Experimental program
Comparison scheme
Effect test

Embodiment 1

[0042] Embodiment 1: Detection CyHV-Ⅰ, CyHV-Ⅱ, CyHV-Ⅲ test of Cyprinidae herpesviruses

[0043] 1) Reagents

[0044] 10×Taq Buffer: Tris-HCl 100 mM, KCl 500 mM, MgCl 2 20 mM, dNTPs 2 mM, Taq enzyme 1U / μL;

[0045] Primers: CyHV-F, CyHV-R, 10 μM each, pure water, positive quality control DNA 10 μg / ml;

[0046] The primer sequences are:

[0047] Upstream primer: CyHV-F: CACCTCTTGTTTTCSGCCAAC SEQ ID NO:1

[0048] Downstream primer: CyHV-R: AGGTCMGGCCTGGGCAGACC SEQ ID NO:2

[0049] Positive quality control: including the nucleic acid DNA of CyHV-Ⅰ, CyHV-Ⅱ, CyHV-Ⅲ viruses of Cynidae herpesviruses. Among them, CyHV-Ⅰ, CyHV-Ⅱ and CyHV-Ⅲ are artificially synthesized (Bosun Biotechnology (Shanghai) Co., Ltd., the same below) containing the following sequences of the target fragments amplified by the above primers:

[0050] CyHV-1: CACCTGCTCTTCTCCGCCAACAGGTGGGAGCTGGTGCCCCTGATGAAGCAGAAGCTGGAACGGGGGACGAGCCTGGTGTTGGACAGGTACGCATTCTCCGGTGTGGCATTCAGCAGCGCGAAACCTGACATGCCCGTGGAGTGGTGCATG...

Embodiment 2

[0069] Example 2: Simultaneous detection of CyHV-I, CyHV-II, and CyHV-III PCR detection primers, kits and detection methods for further effect detection.

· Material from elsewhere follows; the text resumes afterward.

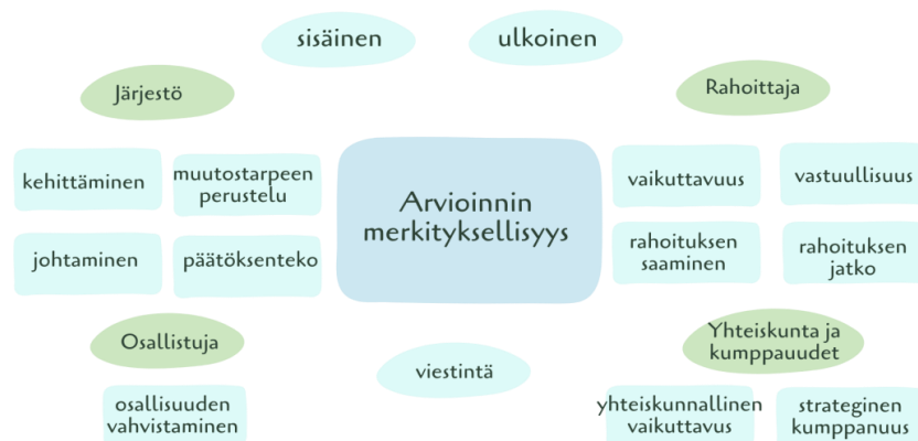
Kuvio 3. Arviointitiedon merkitys maahanmuuttajille toimintaa kohdentaville matalan kynnyksen järjestöille

Toinen tulosluku tarkastelee arviointitiedon keruun monitahoista merkityksellisyyttä maahanmuuttajille toimintaa tarjoaville matalan kynnyksen järjestöille. Arviointitiedon merkityksellisyyttä järjestölle ilmentää kuvio 3. Arviointitietoa voi tutkimusaineistomme perusteella käyttää järjestöissä monipuolisesti sekä sisäisiin että ulkoisiin tarkoituksiin. Arvioinnin taustalla tulisi olla vaikutusketjuajattelu (ks. esim. Bertelsmann Stiftung 2010, 20–22; Heliskoski ym. 2018, 5).

[0070] 1. Sensitivity experiment

[0071] Dilute the above-mentioned artificially synthesized positive quality control substance, and successively dilute to 1×10 10 , 1×10 9 , 1×10 8 , 1×10 7 , 1×10 6 , 1×10 5 , 1×10 4 , 1×10 3 , 1×10 2 , 1×10 1 copies / μL, respectively used as PCR templates for sensitivity experiments. see results Figure 1-3 .

[0072] figure 1 It is the sensitivity experiment result graph of CyHV-Ⅰ virus detection in the PCR system, in which the lane M is TakaraDL2000 DNA Marker, and the lanes 1-10 are positive quality control products (from 1 to 10 are 1×10 10 , 1×10 9 , 1×10 8 , 1×10 7 , 1×10 6 , 1×10 5 , 1×10 4 , 1×10 3 , 1×10 2 , 1×10 1 copy / μL)), lane 11 is the negative control. It can be seen from the figure that there are clear amplified bands of about 182 bp in lanes 1-10, a...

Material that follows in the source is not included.